If at some point in the future you happen to discover this usage, you will have no legal means by which to stop the infringer from continuing to make use of your photographs – even if you have registered your works with the U.S. Copyright Office. As long as the infringer pays you a fee that the infringer believes and agrees is reasonable, the infringer may continue to use your photographs for any purpose indefinitely. You would not be entitled to penalize the infringer by requiring a price that is out of line with the marketplace. Remember that in today’s image licensing marketplace, the vast majority of image licenses are priced at $1 to $5 for nearly unlimited usage.

While there are a growing number of companies offering services purporting to “protect your rights,” and while we are likely to see many for-profit “registries” pop up in the marketplace, virtually all of these companies are using rights protection as a front to attract your attention, in order to sell you other products or services.

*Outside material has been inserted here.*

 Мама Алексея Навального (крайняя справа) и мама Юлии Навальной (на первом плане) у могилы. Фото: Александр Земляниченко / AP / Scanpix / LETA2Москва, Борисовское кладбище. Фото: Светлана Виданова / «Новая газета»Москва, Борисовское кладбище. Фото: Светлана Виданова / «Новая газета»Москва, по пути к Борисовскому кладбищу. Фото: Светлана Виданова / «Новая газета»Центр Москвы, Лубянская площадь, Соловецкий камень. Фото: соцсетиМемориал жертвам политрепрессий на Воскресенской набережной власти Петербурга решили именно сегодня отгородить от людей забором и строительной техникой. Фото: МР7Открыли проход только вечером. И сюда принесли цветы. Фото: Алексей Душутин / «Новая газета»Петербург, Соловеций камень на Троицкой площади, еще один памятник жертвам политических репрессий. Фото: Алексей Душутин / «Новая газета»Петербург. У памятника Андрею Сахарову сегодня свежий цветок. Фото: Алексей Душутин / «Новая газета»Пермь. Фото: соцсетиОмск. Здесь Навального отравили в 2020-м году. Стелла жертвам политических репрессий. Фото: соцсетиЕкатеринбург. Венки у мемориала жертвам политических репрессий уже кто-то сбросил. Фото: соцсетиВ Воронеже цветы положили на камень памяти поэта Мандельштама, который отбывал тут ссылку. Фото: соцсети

Remember also that the moment that any of these companies achieves success, it will be acquired by one of the large stock agencies or media conglomerates, which will then control access to all of your rights information. Of course, any of these companies could fail, wiping out all of our data. We’ve certainly seen that happen before.

Whatever happens, we must prevent any commercial company (Getty, Google, Microsoft, etc.) from gaining control over our rights information. This information and the control over it is the key to the future of our profession, as it will allow automated systems to identify rights holders and distribute fees and royalties when images are used. We must not hand the keys over to any corporation.

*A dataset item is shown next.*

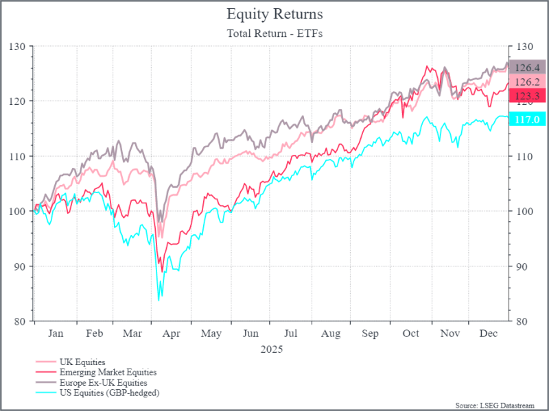 At the same time, the past week raises the question of winners and losers. Will tech effectively eat itself providing both the biggest winners and losers from AI? Does faster global growth argue for greater diversification, as AI investments help their customers become more efficient. As the chart below shows, 2025 saw non-US equities outperform the US (even considering the currency), even as AI dominated the investment debate.

For this very reason, long before the first Orphan Works bill, Marybeth Peters proposed that the rights holder groups join forces with groups representing image users and create a non-profit, cooperative system for identifying rights holders, images and rights information. The trade organizations then did just that, forming the PLUS Coalition, creating standards for identifying rights and rights holders, and then developing a non-profit registry system to which any company (for-profit or non-profit) may connect. It is, if you will, a global “hub” for image rights information, owned and controlled by its users – the photographers, illustrators, stock agencies, publishers, design firms, ad agencies, museums, universities and libraries. When completed, a search of the PLUS Registry will search all other registries connected to the PLUS hub, whether those registries are for-profit or non-profit. Importantly, we maintain control over the hub and the information stored within it. While you’re at it, consider becoming a supporting member of PLUS, by making a small contribution to support the continued development of the registry.

Again, you must get involved and make your voice heard. The U.S. Copyright Office cannot give the full picture of needs to the Congress if your voice is absent. They are asking for it, and you would do yourself a grave disservice if your voice were silent. Speak up for yourself, and others.

 


One Response to “Orphan Works: Now’s the Time to Make Yourself Heard as U.S. Copyright Office Considers Your Rights”

  1. I'm sure as yet there is no orphans work law in the UK. So I am mystified by that comment in your article.